RAW DATA »
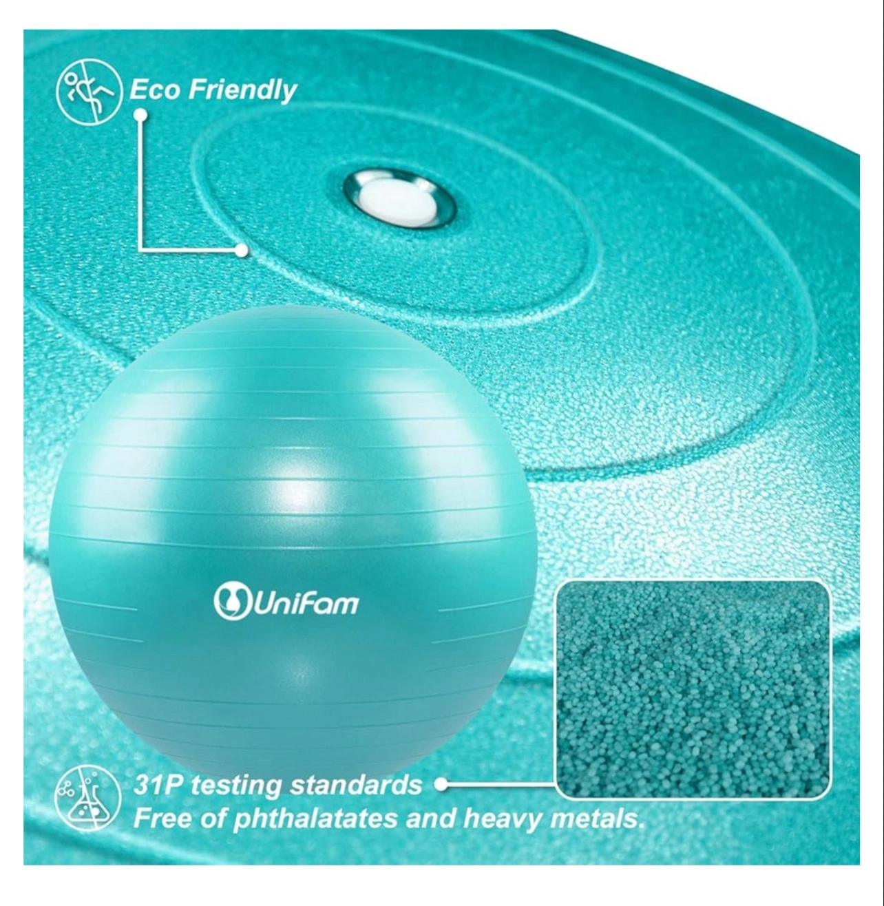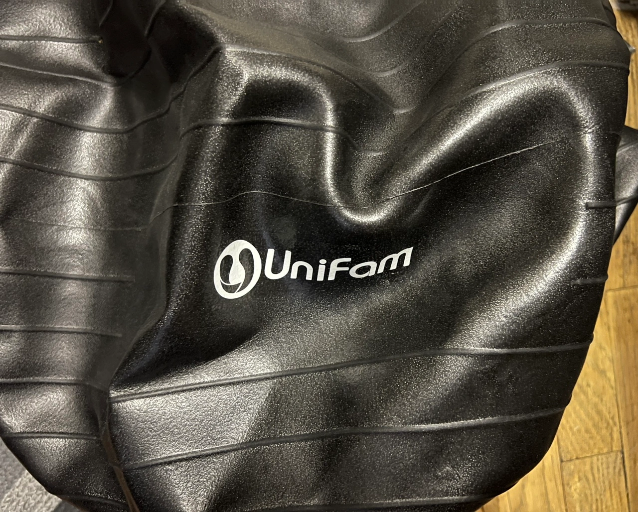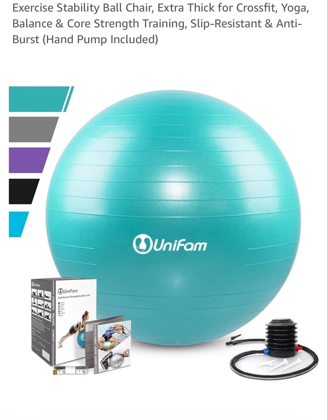 This is a black exercise stability ball chair with the UniFam logo. It does not have the hand pump. It's designed to be used for CrossFit, Yoga, Balance and Core Strength Training. It's also slip-resistant and anti-burst. Had in storage and deflated to store but now clearing everything out. We can inflate so you can see it holds air.
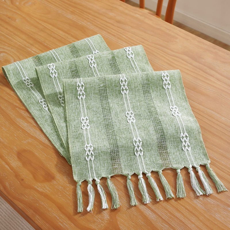 Farmhouse Braided Striped Table Runner with Handcrafted Tassels, Boho Linen Table Runners 48 inches Long for Holiday Party and Dining Room Decor, 13 x 48 inch - Sage Green
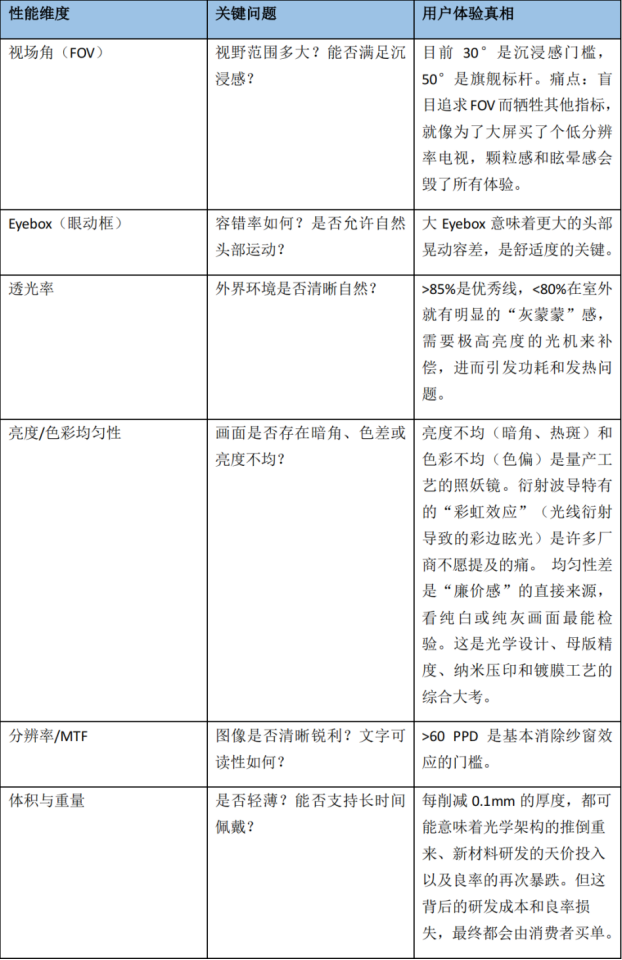我們不僅看數(shù)字,更關(guān)注這些參數(shù)如何影響實(shí)際使用體驗(yàn)。以下是衡量光波導(dǎo)性能的六大關(guān)鍵維度:

WHAT IS EXPECTED » Give back each line above exactly, with pictures dropped.

SOLUTION »
 This is a black exercise stability ball chair with the UniFam logo. It does not have the hand pump. It's designed to be used for CrossFit, Yoga, Balance and Core Strength Training. It's also slip-resistant and anti-burst. Had in storage and deflated to store but now clearing everything out. We can inflate so you can see it holds air.
 Farmhouse Braided Striped Table Runner with Handcrafted Tassels, Boho Linen Table Runners 48 inches Long for Holiday Party and Dining Room Decor, 13 x 48 inch - Sage Green
我們不僅看數(shù)字,更關(guān)注這些參數(shù)如何影響實(shí)際使用體驗(yàn)。以下是衡量光波導(dǎo)性能的六大關(guān)鍵維度:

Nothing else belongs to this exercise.